━━━━━ ENTRIES SHOWN ━━━━━

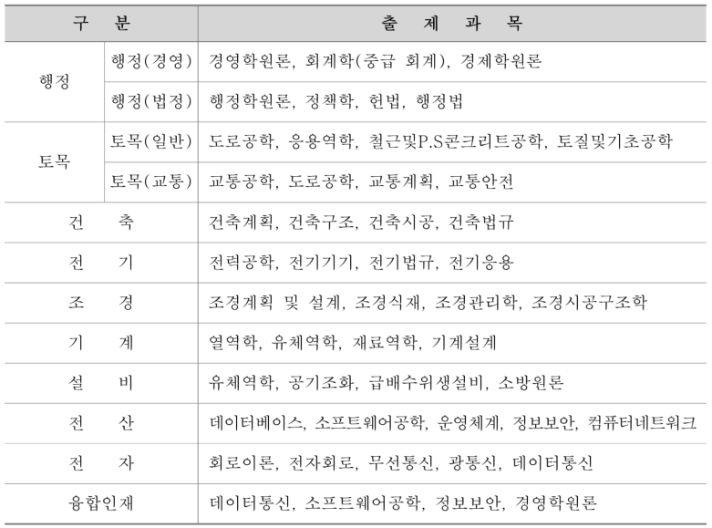 행정(경영) 136.94 : 1 / 행정(법정) 84.75 : 1 / 토목(일반) 12.52 : 1 / 토목(교통) 15.89 : 1 / 건축 103 : 1 /
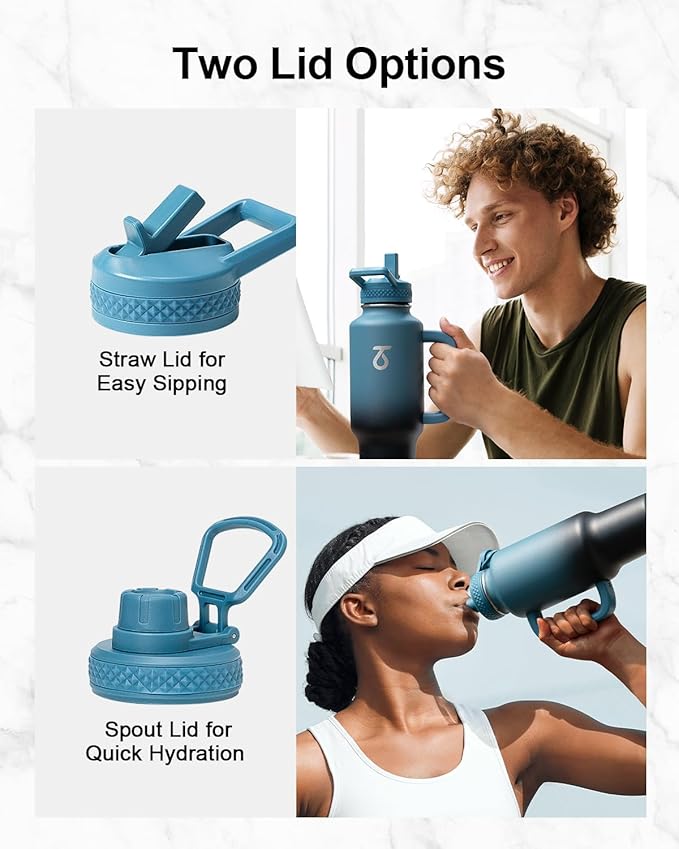 - Leak-Proof Assurance: Trebo insulated water cup comes equipped with two functional lids: a straw lid and a spout lid. The silicone ring on each lid guarantees a 100% leak-proof and spill-proof experience.You can take the reusable water flask anywhere.
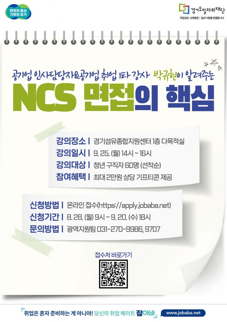 도 일자리재단은 25일 양주 경기섬유종합지원센터에서 양주일자리센터와 공동으로 ‘공기업 인사담당자 박규현이 알려주는 국가직무능력표준(NCS) 면접의 핵심’ 특강을 연다고 19일 밝혔다.
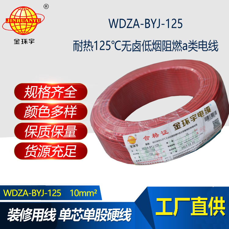 WDZA-BYJ-125全稱為耐熱125℃無鹵低煙阻燃A類交聯聚烯烴絕緣電纜;符合解釋說明:WDZ表示低煙無鹵阻燃;A代表A類阻燃;B代表布電線;YJ表示交聯聚乙烯;
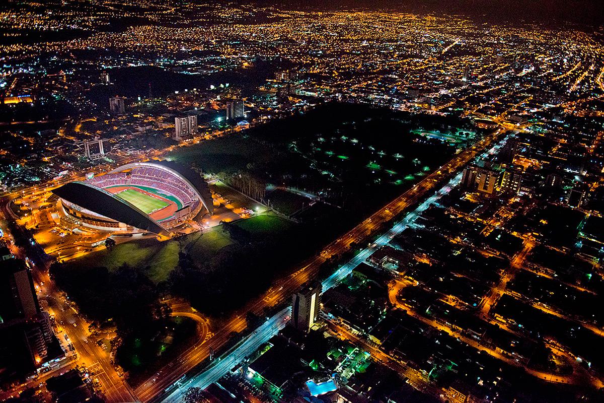 Fotografía nocturna de La Sabana que permite apreciar la porción del parque que ocupa el Estadio Nacional.
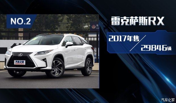 雷克萨斯RX车型在2017年共销售了29846辆,作为2015年底上市的车型,其在2017年仍然保持了不错的增长势头。从市场角度来看,虽然雷克萨斯RX车型定位于中大型SUV级别,但其售价区间与主流豪华品牌中型SUV车型重合较多,因此,其真正的竞争对手其实是瞄准了奔驰GLC以及宝马X3等车型,也正是这种跨级的策略,让雷克萨斯RX车型征服了不少消费者。
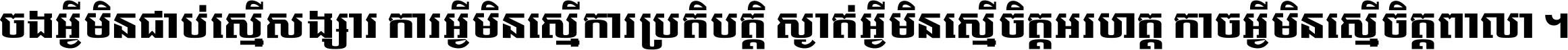 ចង​អ្វី​មិន​ជាប់​ស្មើ​សង្សារ ការ​អ្វី​មិន​ស្មើ​ការ​ប្រតិបត្តិ ស្ងាត់​អ្វី​មិន​ស្មើ​​ចិត្ត​អរហត្ត​ កាច​អ្វី​មិន​ស្មើ​ចិត្ត​ពាលា ។
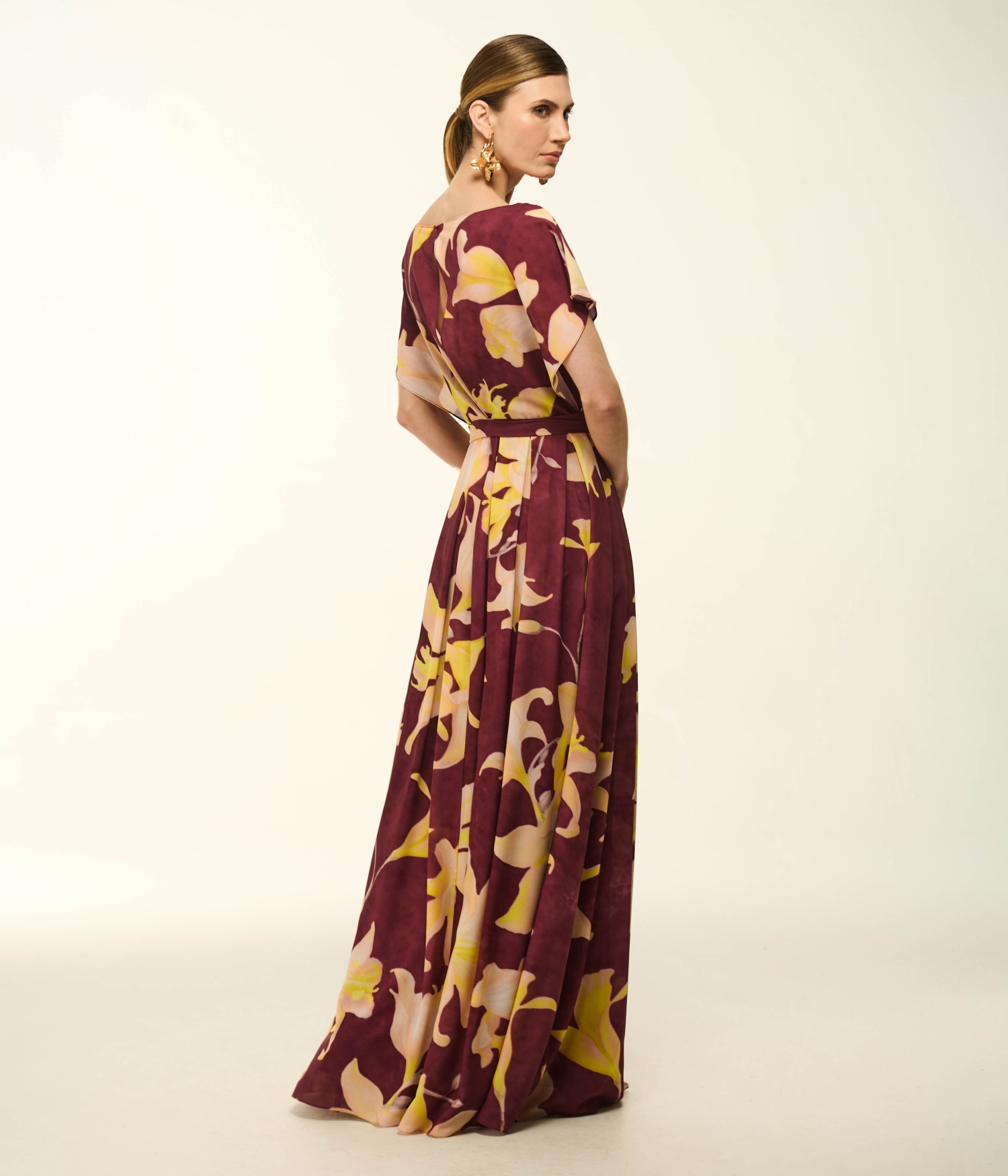 O Vestido VL329 é a celebração da feminilidade romântica unida à fluidez impecável da alta costura. Confeccionado em crepe fluido de caimento etéreo e leveza ímpar, o modelo apresenta um decote em V que valoriza o colo de forma sofisticada e alonga visualmente a silhueta. As mangas longas e soltas trazem uma elegância clássica e cobrem os braços com graça, perfeitamente equilibradas pela saia longa de movimento contínuo e esvoaçante. A peça é inteligentemente forrada para garantir conforto tátil e segurança absoluta. O grande espetáculo visual é a estampa exclusiva Orquídea Vignon: uma padronagem floral autoral e majestosa, rica em profundidade e detalhes, que exala um luxo artístico e envolvente. Um cinto faixa no mesmo tecido permite a marcação da cintura, criando uma proporção harmônica e escultural.
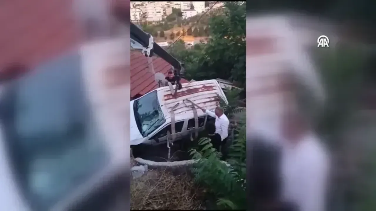Tuzla'da rampada manevra yaparken kontrolden çıkan bir hafif ticari araç, bir evin üzerine düştü.
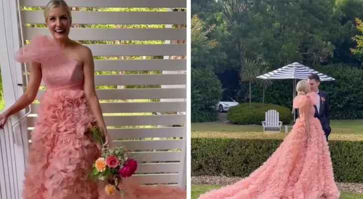 Camille rompt la tradition avec une robe de mariée rose : « C’est censé être blanc, non ? »
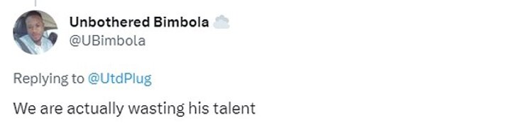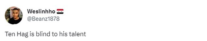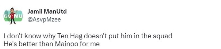 A second added: 'I don't know why Ten Hag doesn't put him in the squad. He's better than (17-year-old midfielder Kobbie) Mainoo for me.'
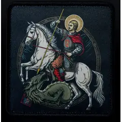Нашивка, патч "Георгий Победоносец" тактическая с липучкой. Быстросъемная нашивка на липучке - велкро, для одежды, шапок, рюкзаков, сумок и тд. Размер: 95х95мм Патч выполнен с отсылкой к Палехской росписи, возникшей из иконописных традиций и представляющего собой русскую миниатюрную живопись....
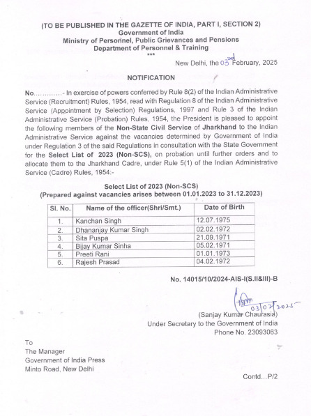 Jharkhand IAS News: राज्य प्रशासनिक सेवा के 6 अधिकारी आईएएस बन गये हैं। डीओपीटी की तरफ से इसे लेकर नोटिफिकेशन जारी कर दिया है। पिछले दिनों प्रमोशन के लिए डीपीसी दिल्ली में हुई थी, जिसके बाद अब प्रमोशन का नोटिफिकेशन जारी किया गया है। साल 2023 की रिक्तियों के विरुद्ध इन सभी को प्रोन्नति मिली है। इनमें कंचन सिंह, धनंजय कुमार सिंह, सीता पुष्पा, बिजय कुमार सिन्हा, प्रीति रानी और राजेश प्रसाद के नाम शामिल हैं।
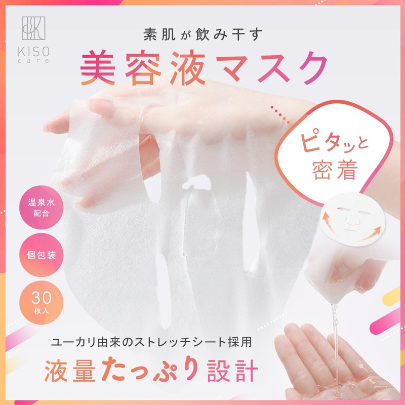 【KisoCare プレミアムフェイスマスク】 「1枚で完結する贅沢なオールインワンケア」 美容液がたっぷりと染み込んだ大容量フェイスマスクが、あなたのスキンケアを革新します。とろみのあるジェル状美容液が肌の奥深くまでなじみ、マスクを外した後もしっとりとした使用感が長時間続きます。ぷるぷるとしたテクスチャーの美容成分が1枚ずつ贅沢に染み込み、肌に吸い付くような心地よい感触を実現しました。 化粧水・美容液・乳液・クリームの機能を1枚に凝縮したオールインワン設計により、忙しい毎日のスキンケアタイムを劇的に効率化します。複数のスキンケアアイテムを重ねる手間を省き、たった1枚で本格的な保湿ケアが完了。忙しい平日は短時間でのケア、週末はゆっくりとしたケアと、ライフスタイルに合わせて自由にお使いいただけます。 「独自技術による特殊シート設計」 ユーカリから抽出した繊維を独自技術で加工した特殊シートを採用。透けるような薄さの極薄設計でありながら、肌の凹凸に沿って完全密着し、美容成分の浸透感を大幅に向上させました。この革新的な密着技術により、顔を下に向けても剥がれにくく、家事をしながら、読書をしながら、ドライヤーを使いながらでも快適にケアできます。 お客様からのご要望にお応えし、従来品よりも大きなサイズ設計と保護シートを新たに採用いたしました。顔全体をしっかりとカバーできるサイズにより、美容成分をお肌全体に行き渡らせることができます。台紙付きの設計により、マスクの取り出しや装着時のストレスを軽減し、目元・口元の穴部分の伸びや破れを防ぎ、美しい形状を保ったまま快適にお使いいただけます。 「肌にやさしい7つの無添加処方」 KisoCareが厳選した7つの無添加処方を採用し、パラベン、鉱物油、エタノール、合成香料、合成着色料、紫外線吸収剤、シリコンを使用していません。デリケートなお肌の方にもお使いいただけるよう配慮したやさしい処方設計で、敏感肌の方や肌トラブルが気になる方にもお試しいただけます。 高保湿処方により、お肌にたっぷりとうるおいを与え、しっとりとした使用感をお楽しみいただけます。毎日のスキンケアステップを簡素化しながら、必要な保湿ケアはしっかりと実現する、現代のライフスタイルに寄り添ったフェイスマスクです。 「天然温泉の恵みでリラックス体験」 紀伊山地の深い森林に育まれた天然ラドン温泉由来成分を配合し、自然由来のアロマの香りとともに、自宅にいながら温泉のような心地よいリラックスタイムをお過ごしいただけます。豊富な美容液成分との相乗効果により、お肌にうるおいとなめらかさを与え、温泉上がりのようなしっとりとした使用感を実現します。 慌ただしい毎日の中で、わずか10分間の特別なひとときを。マスクを肌にのせた瞬間から広がる温泉地特有の心地よい香りが、日頃の疲れを癒し、心身ともにリフレッシュできる贅沢なスキンケアタイムをご提供します。天然温泉の恵みを凝縮した特別処方により、お肌本来の美しさを引き出すサポートをいたします。 「お客様と共に進化する製品づくり」 「もっと大きいサイズがほしい」「取り出しやすくしてほしい」といったお客様の貴重なお声を製品開発に活かし、継続的な品質改善に取り組んでおります。お客様にご愛用いただいているKisoCareならではの高密着技術はそのままに、使い勝手の向上を図りました。お客様とともに育てていく製品づくりをコンセプトに、より良いスキンケア体験をお届けできるよう努めています。 多忙な現代女性のために設計された、本格エイジングケアがながらケアで叶うフェイスマスクです。もちろん、仕事や外出で疲れた肌をリフレッシュしたい男性にもおすすめです。忙しい現代人のための、プライベート温泉体験をお楽しみください。
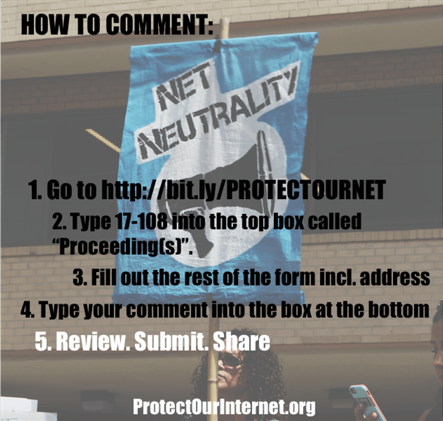 4. Sign up if you haven’t already at ProtectOurInternet.org in order to stay tuned for more actions directly targeting this plan of Telecom thievery. We need to comment for sure but comments alone will not win this fight.

━━━━━

- _WHAT THE TASK ASKS_:
All that should appear in the answer is the lines above from the line with "Tuzla'da rampada manevra" through the line with "русскую миниатюрную живопись....", retyped exactly, pictures left out.

- _COMPLETED TASK_:
Tuzla'da rampada manevra yaparken kontrolden çıkan bir hafif ticari araç, bir evin üzerine düştü.
 Camille rompt la tradition avec une robe de mariée rose : « C’est censé être blanc, non ? »
 A second added: 'I don't know why Ten Hag doesn't put him in the squad. He's better than (17-year-old midfielder Kobbie) Mainoo for me.'
Нашивка, патч "Георгий Победоносец" тактическая с липучкой. Быстросъемная нашивка на липучке - велкро, для одежды, шапок, рюкзаков, сумок и тд. Размер: 95х95мм Патч выполнен с отсылкой к Палехской росписи, возникшей из иконописных традиций и представляющего собой русскую миниатюрную живопись....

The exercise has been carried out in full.